Data extract Block Start

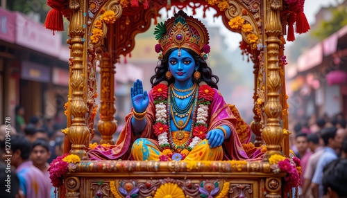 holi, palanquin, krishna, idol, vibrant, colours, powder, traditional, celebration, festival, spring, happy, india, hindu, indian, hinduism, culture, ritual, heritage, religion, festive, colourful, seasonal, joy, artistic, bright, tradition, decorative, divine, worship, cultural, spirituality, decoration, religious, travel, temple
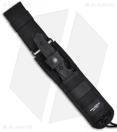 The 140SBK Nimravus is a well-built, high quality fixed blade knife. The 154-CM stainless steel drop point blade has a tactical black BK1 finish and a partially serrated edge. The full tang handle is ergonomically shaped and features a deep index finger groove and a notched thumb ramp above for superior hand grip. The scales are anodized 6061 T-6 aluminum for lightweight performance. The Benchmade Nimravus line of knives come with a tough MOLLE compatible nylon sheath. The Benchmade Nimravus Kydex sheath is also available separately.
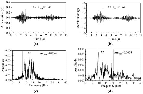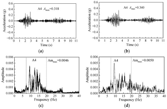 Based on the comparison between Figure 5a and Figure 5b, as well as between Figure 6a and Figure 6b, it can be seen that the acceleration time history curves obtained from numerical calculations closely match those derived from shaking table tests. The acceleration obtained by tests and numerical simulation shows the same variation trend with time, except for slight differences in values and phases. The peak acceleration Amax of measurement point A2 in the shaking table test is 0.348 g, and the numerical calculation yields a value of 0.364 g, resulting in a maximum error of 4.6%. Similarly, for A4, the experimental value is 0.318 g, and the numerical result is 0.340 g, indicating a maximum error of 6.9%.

Data extract Block End

Work instruction: The expected result is the material restated word for word, minus any picture.

Answer section:
 holi, palanquin, krishna, idol, vibrant, colours, powder, traditional, celebration, festival, spring, happy, india, hindu, indian, hinduism, culture, ritual, heritage, religion, festive, colourful, seasonal, joy, artistic, bright, tradition, decorative, divine, worship, cultural, spirituality, decoration, religious, travel, temple
 The 140SBK Nimravus is a well-built, high quality fixed blade knife. The 154-CM stainless steel drop point blade has a tactical black BK1 finish and a partially serrated edge. The full tang handle is ergonomically shaped and features a deep index finger groove and a notched thumb ramp above for superior hand grip. The scales are anodized 6061 T-6 aluminum for lightweight performance. The Benchmade Nimravus line of knives come with a tough MOLLE compatible nylon sheath. The Benchmade Nimravus Kydex sheath is also available separately.
 Based on the comparison between Figure 5a and Figure 5b, as well as between Figure 6a and Figure 6b, it can be seen that the acceleration time history curves obtained from numerical calculations closely match those derived from shaking table tests. The acceleration obtained by tests and numerical simulation shows the same variation trend with time, except for slight differences in values and phases. The peak acceleration Amax of measurement point A2 in the shaking table test is 0.348 g, and the numerical calculation yields a value of 0.364 g, resulting in a maximum error of 4.6%. Similarly, for A4, the experimental value is 0.318 g, and the numerical result is 0.340 g, indicating a maximum error of 6.9%.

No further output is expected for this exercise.